Douyu Live Stream Danmu (弹幕) Collector - A modular, async-capable library for collecting chat messages from Douyu live streams.
Project description
dykit - 斗鱼弹幕采集与分析工具
PostgreSQL 架构,支持实时采集、数据分析和 CSV 导入导出。
v4.0.0 (2026-03-04)
功能特性
- PostgreSQL 存储:采用 PostgreSQL 作为主要存储后端,支持高并发写入和高性能查询。
- 工具链:提供 7 个核心子命令(collect, rank, prune, cluster, import, export, init-db)。

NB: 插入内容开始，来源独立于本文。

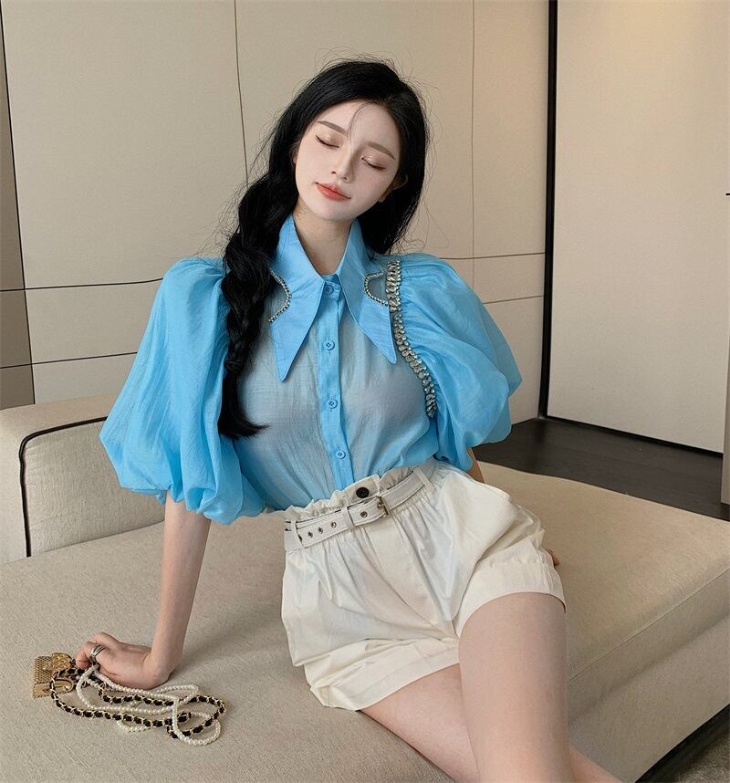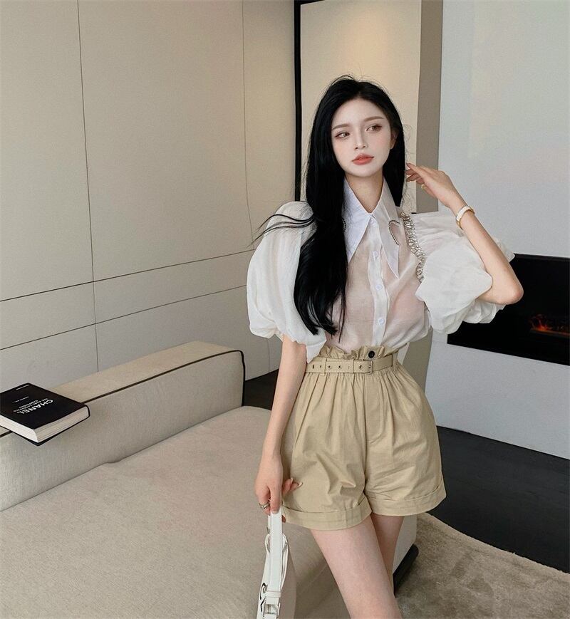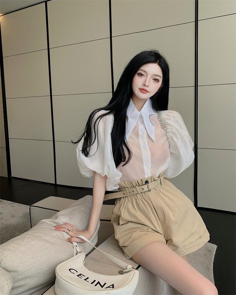 色:青いシャツ,白のシャツ,ホワイトショーツ,カーキショートパンツ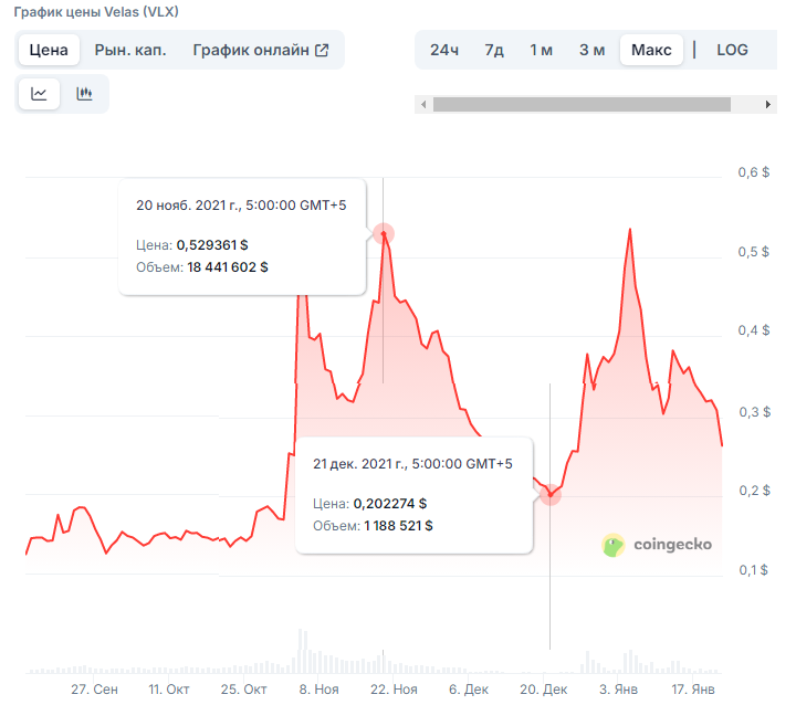 У токена Vlx был резкий рост в сентябре 2021 года. Тогда цена была 0,5293$, в то же время был и резкий спад до 0,2022$, следом вновь рост и уже постепенный спад. С начала 2022 года цена только понижалась и продолжает это делать.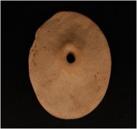 | Description / विवरण | Handmade terrrcotta wheel, moulded small knob with perforation, edges are chipped off, round in shape, thin in character and finger impressions are visible, wash treatment is given. |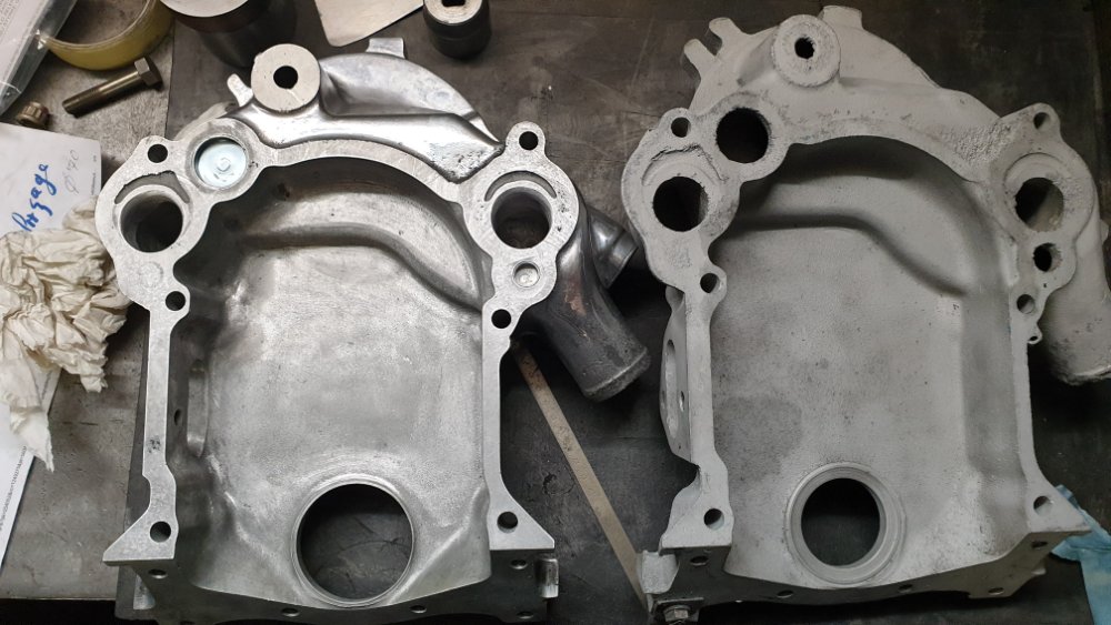 Pour l'instant rien de passionnant, j'ai reprit le polissage du carter de distribution. Car je l'avais fait de manière à dégrossir le travail, sans trop de finition. Bien sur j'ai laissé certains défauts de fabrication , vu que pour les faire disparaitre il me faudrait vraiment rentrer en profondeur et y passer un temps pas possible. Une fois en place on ne verra pas grand chose mais cela devrait être raccord avec les caches culbuteur. J'ai également rechargé en époxy l'entrée d'eau qui était bien attaquée par la corrosion. Même chose pour les caches culbuteurs, ces pièces sortant des moules d'époques de façon artisanale sont loin d'être parfait. Donc même punition, il faut y passer quelques heures dessus. Ici on voit très bien que le ponçage avant polissage a été bâclé. Donc un coup de chignole. Puis ponçage à la main avec du 400 à sec. Idem sur les puits de fixation. Avec un peu de travail, c'est mieux. Là c'est la portée du joint du bouchon. Avec une perceuse à colonne et un disque abrasif voilà ce qu'il est possible de faire. Voilà pour un des caches culbuteurs, le polissage va pouvoir commencer.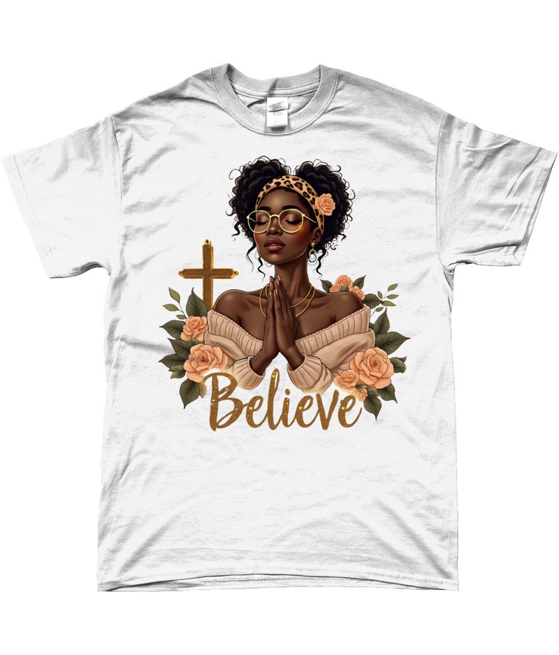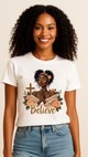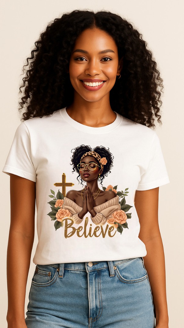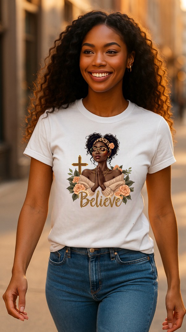 This classic white t-shirt showcases a powerful image of a Black woman in prayer, hands gently clasped and a serene smile on her face. Her natural curly afro radiates confidence and beauty, making this design both inspiring and uplifting. Crafted for comfort and everyday wear, this tee is perfect for those who want to express their faith, pride, and personal style all at once.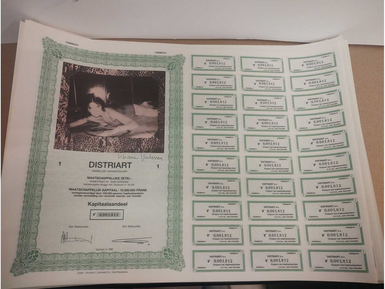 Werk speciaal vervaardigd voor dit aandeel Genummerd aandeel met coupon gesigneerd in de druk. Titel; Distriart Belgie Uitgever; Distriart n.v. Galerie Forum, Oosteinde 1987 Oorspronkelijk zouden er 1000 aandelen worden uitgegeven door 100 kunstenaars. De oplage werd uiteindelijk slechts 16 exemplaren. No Kunstenaar: Distr-ARt Hoogte: 44cm Breedte: 32cm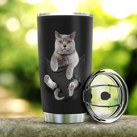 Personalized British Shorthair Cat Pocket Stainless Steel Tumbler, Personalized Tumblers, Tumbler Cups, Custom Tumblers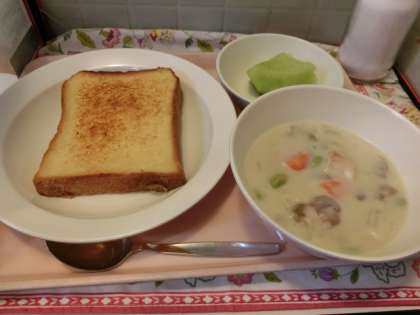 今日の給食「フレンチトースト・枝豆ととり肉のシチュー・メロン・牛乳」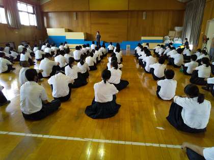 1,2限目授業のあと、3,4限目は密にならないように場所をスライドさせながら学年ごとに「学年集会」と「一斉美化」をしました。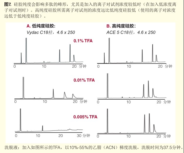 三氟乙酸:使用最廣泛,在分析得到的峰形相似的情況下,硅膠純度越高,使用的離子對(duì)試劑濃度可以相對(duì)更低。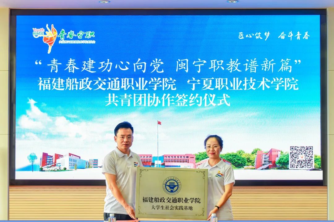 福建船政交通職業(yè)學(xué)院向?qū)幭穆殬I(yè)技術(shù)學(xué)院授大學(xué)生社會(huì)實(shí)踐基地牌。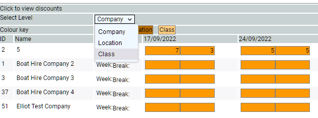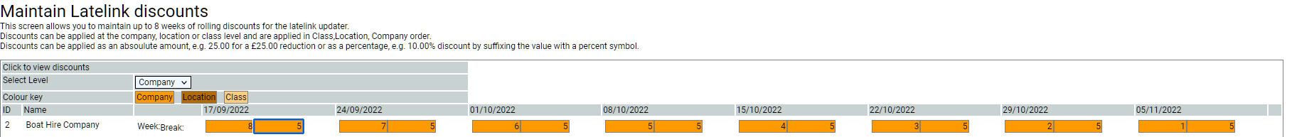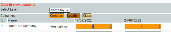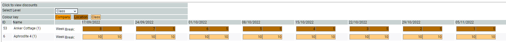 Discounts can be set at Company, Location or Class level. Initially the system shows the company level. There are 8 blocks of 2 across the page. Each of the 8 blocks represents the rolling 8 weeks of discount, with the first block being the nearest i.e. from your next start days but the usual is Friday to Friday. The 2 boxes in each box are the Weekly and Short-break prices.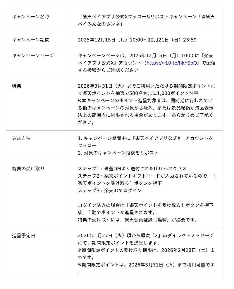 このたび、本ページの公開を記念して、「楽天ペイアプリ公式X」(@RakutenPay_App)では2025年12月15日(月)から12月21日(日)まで、「楽天ペイアプリ公式Xフォロー&リポストキャンペーン!#楽天ペイみんなのホンネ」を実施します。キャンペーン期間中に「楽天ペイアプリ公式X」をフォローし、対象の投稿をリポストした方の中から抽選で500名に「楽天ポイント」を1,000ポイント進呈します。

- 数据结构:14 列扁平化数据结构,移除了复杂的 JSONB 字段。
- CLI 接口:基于 Click 框架,支持环境变量配置与 DSN 连接。
- 技术栈:使用 psycopg3 驱动和异步 WebSocket 采集。
- 消息处理:增强的 UTF-8 缓冲区处理,解决断包导致的乱码问题。
系统要求
- Python 3.12+
- PostgreSQL 12+
- uv (推荐) 或 pip
安装
# 使用 uv (推荐)
uv venv
source .venv/bin/activate
uv pip install .
# 或使用 pip
pip install .
快速开始
1. 设置数据库连接 (DSN)
export DYTOOLS_DSN="postgresql://user:pass@localhost:5432/douyu"
2. 初始化数据库
dykit init-db
3. 开始采集
dykit collect -r 6657
4. 查看排行
dykit rank -r 6657 --top 20
Service Management
Managing Long-Running Collectors
dykit supports managing long-running collectors as systemd --user services. This allows background collection that persists across sessions and restarts automatically.
Basic Workflow
# Set your database DSN (required for the service to connect)
export DYTOOLS_DSN="postgresql://douyu:douyu6657@localhost:5432/douyu_danmu"
# Create a service for a specific room (Format: NAME:ROOM_ID)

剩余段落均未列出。